What's it like living in a country which has branded yours a terrorist state?
Iran is at the top of the US State Department's list of states which it says sponsors of world terrorism. Fariba Sahraie from BBCPersian.com spoke to Iranians living in North America and found mistrust of Iran is as strong in Canada as the US.
BABAK YEKTAFAR, Editor, Washington Prism, US
11 September changed everything, even though there were no Iranians involved.
The media played a very negative role. I know someone who actually changed his name and identity because he didn't want to be identified as Iranian after the media hype post 9/11.
On the other hand, there is a second generation of young Iranians in the United States who are increasingly prepared to acknowledge their cultural identity. They are proud of being Iranian and they are not afraid of showing it.
TRITA PARSI, President, National Iranian-American Council, US
Branding Iranians as "terrorists" has had a negative effect on our lives in the West.
In the US, for example, university students have problems getting visas.
Many of them will not risk leaving the US to visit their families back home, because they are afraid they may not be allowed back in afterwards.
So they don't leave the US until they have finished their degree.
HOUSHANG AMIRAHMADI, Rutgers University, New Jersey, US
Professor Houshang Amirahmadi
Nobody likes his national identity to be identified with terrorism.
It's a matter of pride and identity and many Iranians in the US feel hurt when their country is branded as "terrorist".
The US administration has been calling Iran a leading sponsor of terrorism for several years now.
But Iran has not been involved in any terrorist outrage against the West anywhere in the world.
The accusation is more about propaganda than anything else.
SOHEIL PARSA, theatrical producer, Canada
What I find strange is the way they don't differentiate between the people and the state.
It's totally unfair to hold an immigrant group responsible for the actions of the government of their home country.
As a Canadian-Iranian who has lived in this country for 24 years, I can honestly say I don't have problems within the artistic community.
However, outside this circle we all have issues. We have to prove that we are not terrorists all the time.
TAKIN AGHDASHLOU, university student, Toronto, Canada
When I first moved here six years ago, I quickly became aware that many people in Canada look at the Iranians in their community as terrorists or fundamentalists.
For a while, I would deny our Iranian roots to save us the trouble of having to prove ourselves and win people's trust.

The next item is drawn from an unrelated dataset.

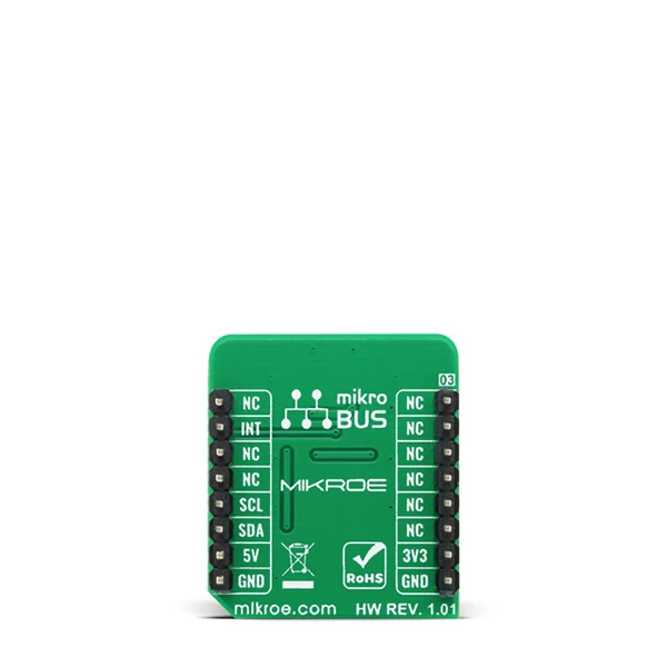 This Click board™ is designed to be operated with both 3.3V and 5V logic voltage levels that can be selected via VCC SEL jumper. This allows for both 3.3V and 5V capable MCUs to use the I2C communication lines properly.

AREF MOHAMMADI, film critic, Toronto, Canada
Our people have always been damaged by allegations of terrorism, whether they are artists or otherwise.
Nobody likes to be branded a terrorist. There are several Iranian artists living abroad whose careers have been damaged by such claims. Many have been forced into early retirement.
Our actors, producers and directors are finding it extremely difficult to find work in their host countries because of these allegations of terrorism.
ALIREZA HAQIQI, political analyst, Toronto, Canada
Iran has been at the top of the list of so-called state sponsors of terrorism since 1999.
The western media are feeding the frenzy but interestingly, the US State Department is contradicting itself.
On the one hand the official policy of the US government is to wage war on terrorism. This same US government has Iran at the top of its list of so-called "terrorist" states.
Yet instead of waging war, [US Secretary of State] Condi Rice has said that US government policy towards Iran is not based on overthrowing the country's regime.
Meanwhile, the two countries are talking about how Iran can help the US to stabilise Iraq.